- **Instructions to follow**:
Reproduce the lines below exactly, from the one containing "The Obaby Stamford" through the one containing "Cet appartement S+2", both included. Leave out any pictures.

- **Provided data**:
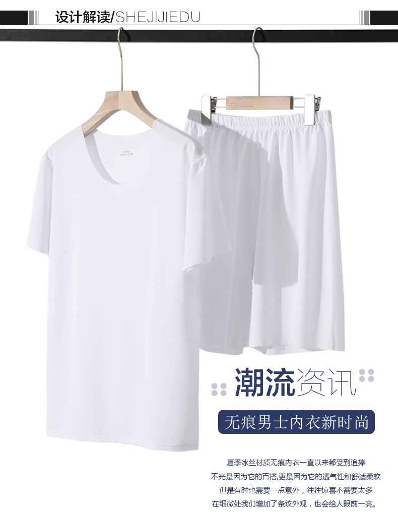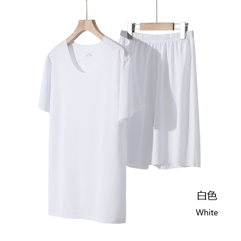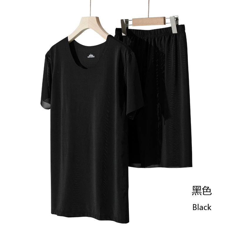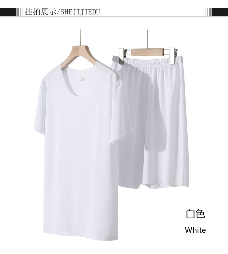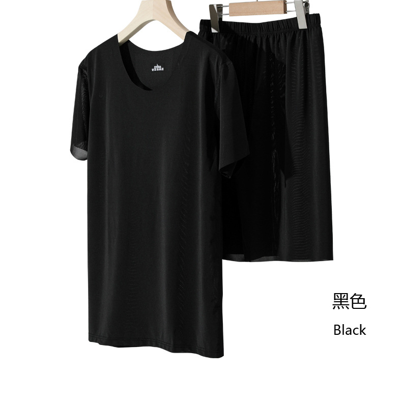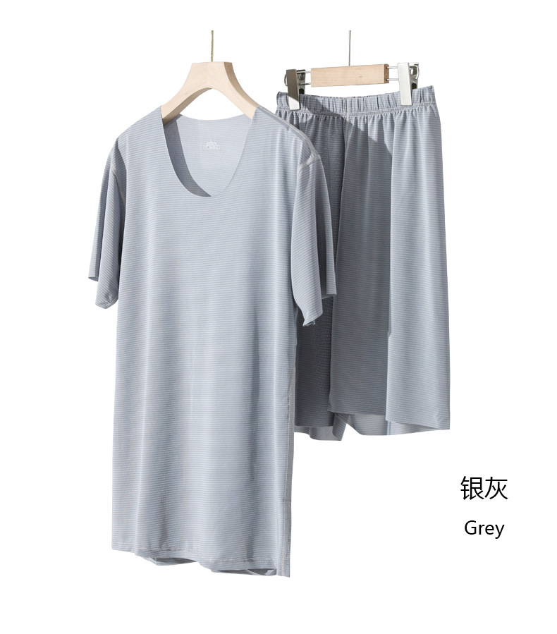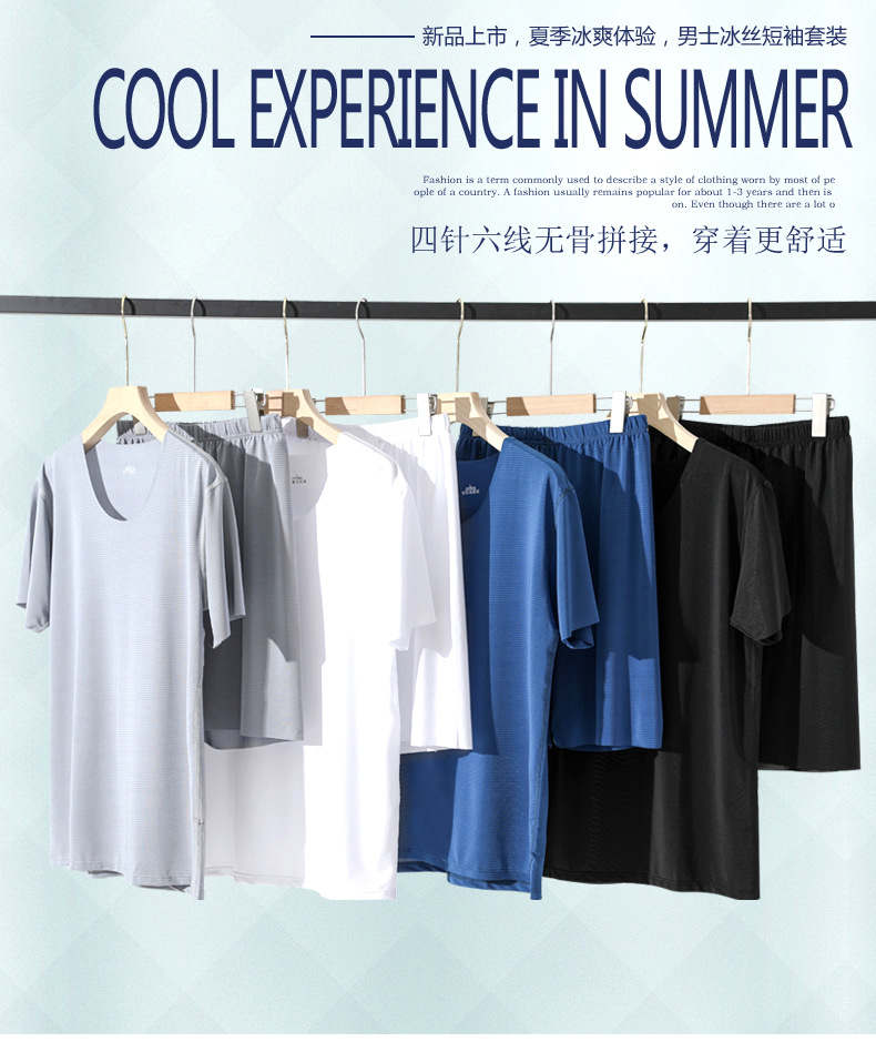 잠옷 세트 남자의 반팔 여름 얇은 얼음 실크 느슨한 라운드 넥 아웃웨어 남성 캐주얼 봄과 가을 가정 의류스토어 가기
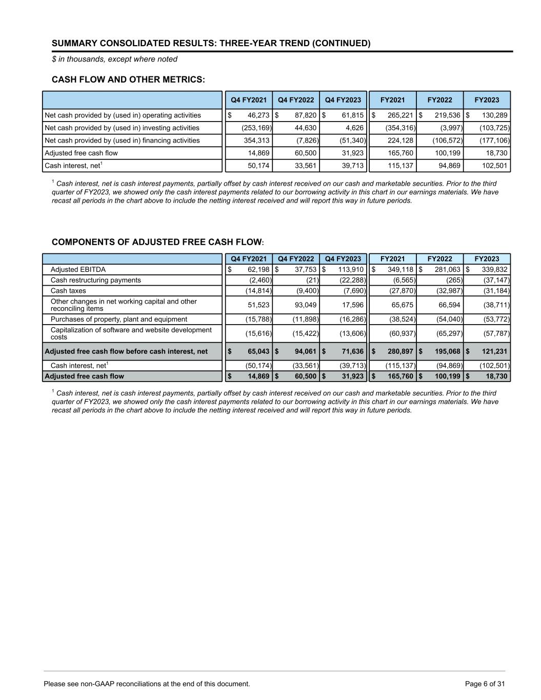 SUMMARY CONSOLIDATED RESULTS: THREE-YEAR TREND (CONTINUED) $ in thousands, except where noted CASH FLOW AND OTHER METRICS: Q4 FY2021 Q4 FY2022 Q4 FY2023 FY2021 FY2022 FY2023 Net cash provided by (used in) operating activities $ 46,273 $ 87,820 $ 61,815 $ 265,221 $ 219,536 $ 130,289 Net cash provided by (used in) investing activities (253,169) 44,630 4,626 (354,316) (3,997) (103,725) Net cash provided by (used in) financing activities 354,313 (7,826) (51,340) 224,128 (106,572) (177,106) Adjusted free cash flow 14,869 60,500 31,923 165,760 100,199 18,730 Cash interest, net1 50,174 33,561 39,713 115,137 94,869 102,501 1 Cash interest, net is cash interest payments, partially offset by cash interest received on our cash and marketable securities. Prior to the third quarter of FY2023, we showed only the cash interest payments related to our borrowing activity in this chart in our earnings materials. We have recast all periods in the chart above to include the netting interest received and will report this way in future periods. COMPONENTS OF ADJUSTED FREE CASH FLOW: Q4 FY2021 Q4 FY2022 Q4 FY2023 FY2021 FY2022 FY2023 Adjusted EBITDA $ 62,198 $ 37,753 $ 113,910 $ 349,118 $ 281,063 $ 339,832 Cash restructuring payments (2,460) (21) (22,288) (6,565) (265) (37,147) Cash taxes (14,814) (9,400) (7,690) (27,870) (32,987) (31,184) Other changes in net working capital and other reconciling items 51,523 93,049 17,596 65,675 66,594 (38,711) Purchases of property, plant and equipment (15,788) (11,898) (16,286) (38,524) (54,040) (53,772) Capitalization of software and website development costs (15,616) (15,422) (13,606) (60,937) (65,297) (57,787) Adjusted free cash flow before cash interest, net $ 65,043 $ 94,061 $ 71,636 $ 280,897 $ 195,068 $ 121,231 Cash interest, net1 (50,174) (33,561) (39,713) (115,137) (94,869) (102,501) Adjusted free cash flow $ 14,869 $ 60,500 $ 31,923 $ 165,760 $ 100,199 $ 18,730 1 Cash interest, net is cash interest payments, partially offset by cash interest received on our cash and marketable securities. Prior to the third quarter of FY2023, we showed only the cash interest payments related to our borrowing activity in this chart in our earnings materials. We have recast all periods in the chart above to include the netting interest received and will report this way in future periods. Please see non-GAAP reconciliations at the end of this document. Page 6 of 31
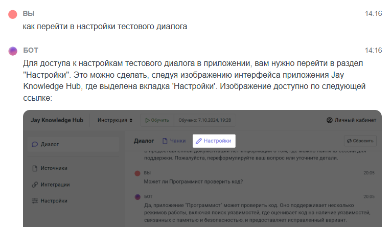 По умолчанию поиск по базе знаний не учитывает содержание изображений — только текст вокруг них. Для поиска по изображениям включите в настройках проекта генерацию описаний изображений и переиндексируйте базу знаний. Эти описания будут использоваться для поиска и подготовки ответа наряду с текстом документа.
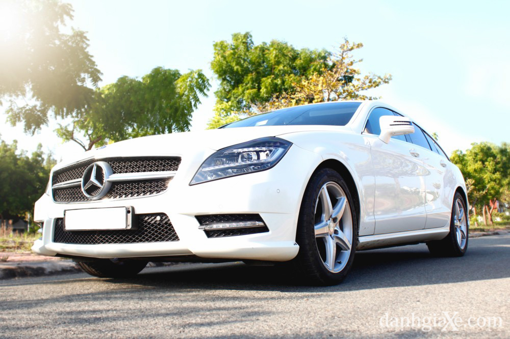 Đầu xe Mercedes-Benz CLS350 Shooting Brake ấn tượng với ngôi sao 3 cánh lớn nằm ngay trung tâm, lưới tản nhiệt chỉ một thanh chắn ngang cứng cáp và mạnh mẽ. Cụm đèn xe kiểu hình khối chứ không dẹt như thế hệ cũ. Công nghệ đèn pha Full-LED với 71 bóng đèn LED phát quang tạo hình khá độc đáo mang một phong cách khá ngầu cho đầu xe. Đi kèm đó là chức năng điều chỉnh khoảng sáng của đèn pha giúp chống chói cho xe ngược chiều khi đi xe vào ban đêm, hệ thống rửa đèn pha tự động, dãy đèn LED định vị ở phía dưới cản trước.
...
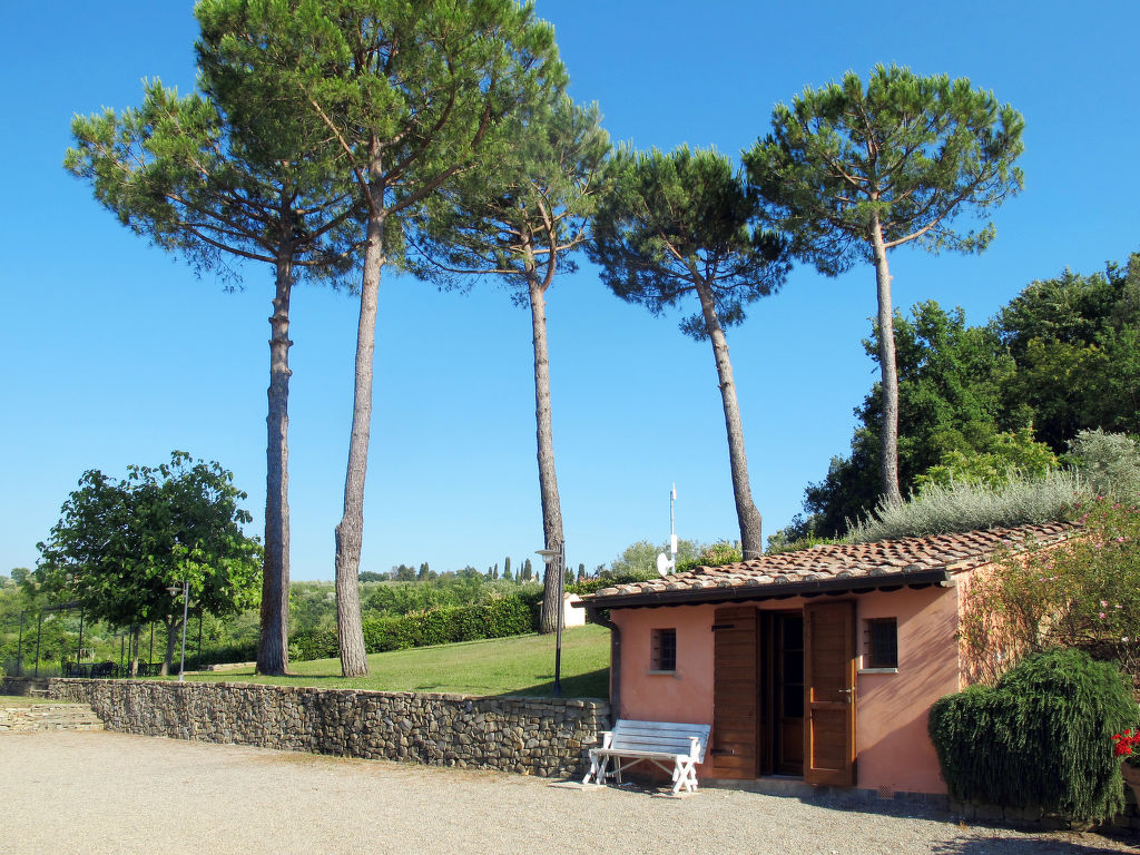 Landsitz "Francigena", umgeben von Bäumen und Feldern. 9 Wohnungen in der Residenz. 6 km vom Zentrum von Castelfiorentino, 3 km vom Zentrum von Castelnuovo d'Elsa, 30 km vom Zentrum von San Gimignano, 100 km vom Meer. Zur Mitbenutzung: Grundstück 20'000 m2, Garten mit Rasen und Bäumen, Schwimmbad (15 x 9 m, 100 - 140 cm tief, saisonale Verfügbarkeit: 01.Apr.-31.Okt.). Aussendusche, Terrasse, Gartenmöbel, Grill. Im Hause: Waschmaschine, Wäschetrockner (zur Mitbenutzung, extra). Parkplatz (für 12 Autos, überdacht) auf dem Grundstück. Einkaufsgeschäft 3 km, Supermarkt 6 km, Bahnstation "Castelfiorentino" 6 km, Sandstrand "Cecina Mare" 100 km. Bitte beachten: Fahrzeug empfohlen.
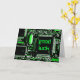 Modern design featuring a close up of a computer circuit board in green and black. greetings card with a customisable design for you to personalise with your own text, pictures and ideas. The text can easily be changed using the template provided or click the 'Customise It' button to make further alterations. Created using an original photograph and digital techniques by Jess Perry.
* * *
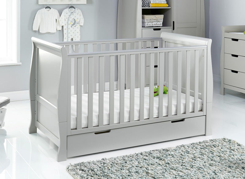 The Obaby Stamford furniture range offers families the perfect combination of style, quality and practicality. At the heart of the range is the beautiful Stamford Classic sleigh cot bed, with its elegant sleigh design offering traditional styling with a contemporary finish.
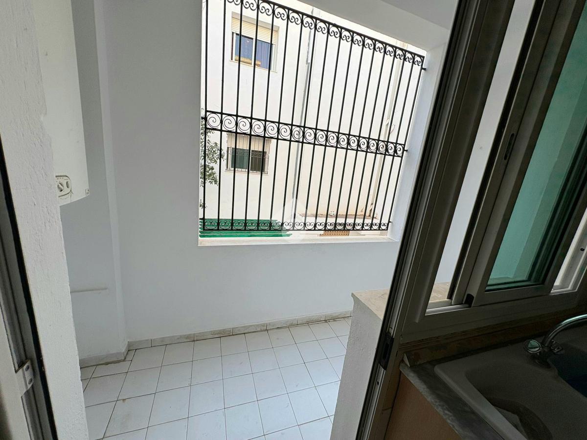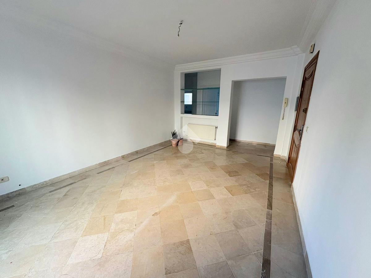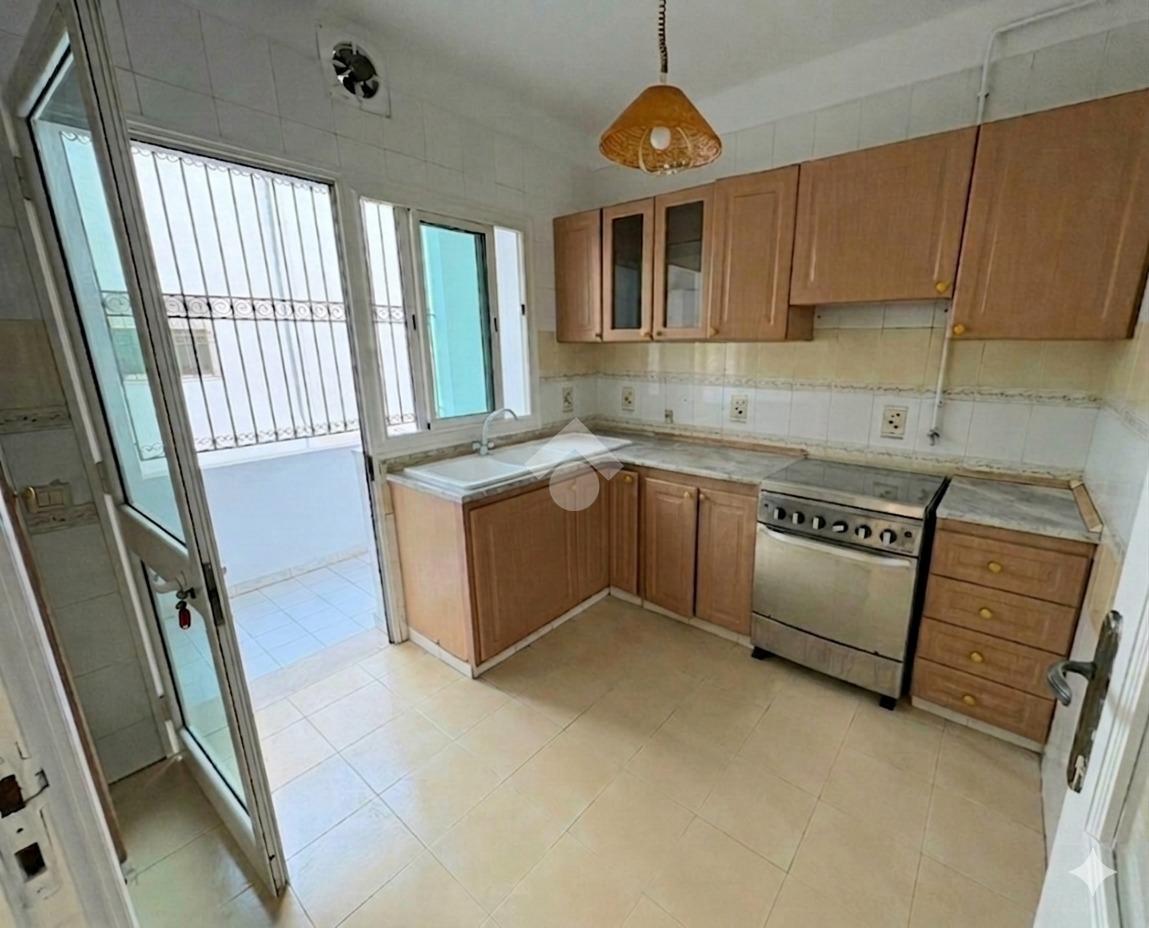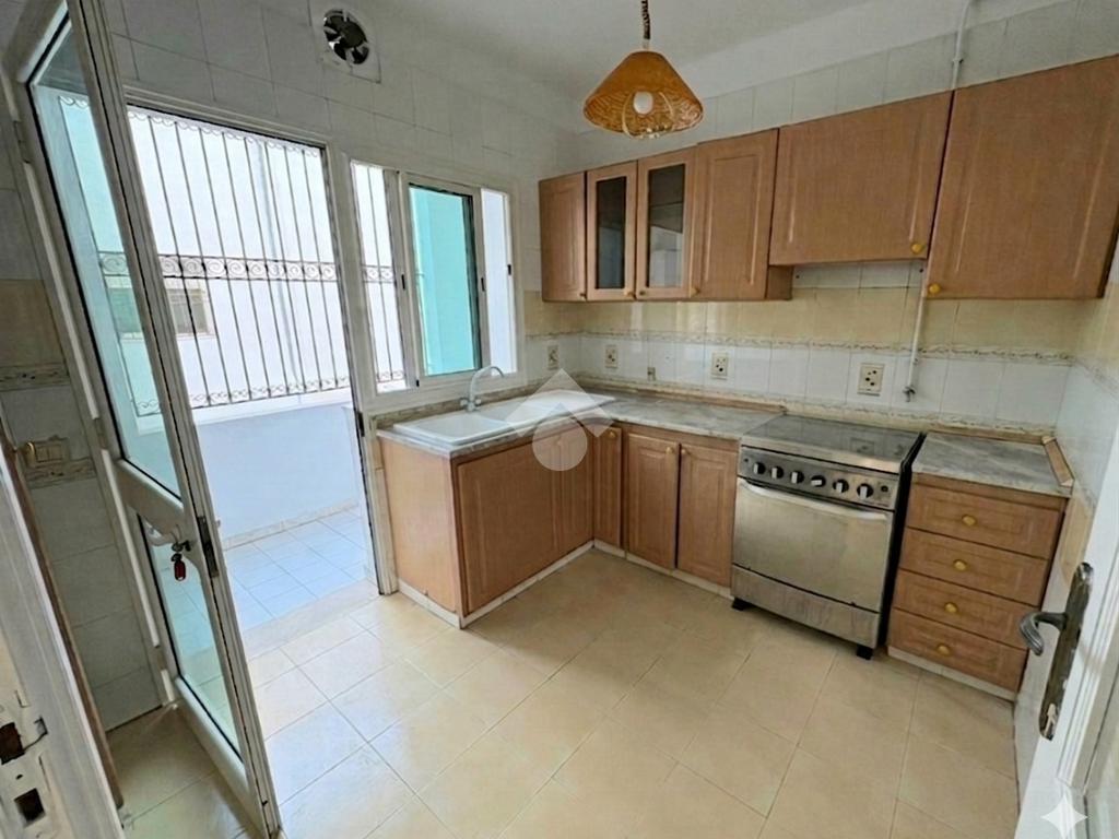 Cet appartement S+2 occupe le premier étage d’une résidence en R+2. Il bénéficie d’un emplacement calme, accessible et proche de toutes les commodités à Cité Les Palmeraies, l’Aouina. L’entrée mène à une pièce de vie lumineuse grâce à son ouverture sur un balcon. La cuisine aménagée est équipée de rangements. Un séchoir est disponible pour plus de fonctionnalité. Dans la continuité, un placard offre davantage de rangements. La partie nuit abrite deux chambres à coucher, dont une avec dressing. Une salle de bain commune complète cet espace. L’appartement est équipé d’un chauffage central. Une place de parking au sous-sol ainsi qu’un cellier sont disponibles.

- **Response box**:
 The Obaby Stamford furniture range offers families the perfect combination of style, quality and practicality. At the heart of the range is the beautiful Stamford Classic sleigh cot bed, with its elegant sleigh design offering traditional styling with a contemporary finish.
 Cet appartement S+2 occupe le premier étage d’une résidence en R+2. Il bénéficie d’un emplacement calme, accessible et proche de toutes les commodités à Cité Les Palmeraies, l’Aouina. L’entrée mène à une pièce de vie lumineuse grâce à son ouverture sur un balcon. La cuisine aménagée est équipée de rangements. Un séchoir est disponible pour plus de fonctionnalité. Dans la continuité, un placard offre davantage de rangements. La partie nuit abrite deux chambres à coucher, dont une avec dressing. Une salle de bain commune complète cet espace. L’appartement est équipé d’un chauffage central. Une place de parking au sous-sol ainsi qu’un cellier sont disponibles.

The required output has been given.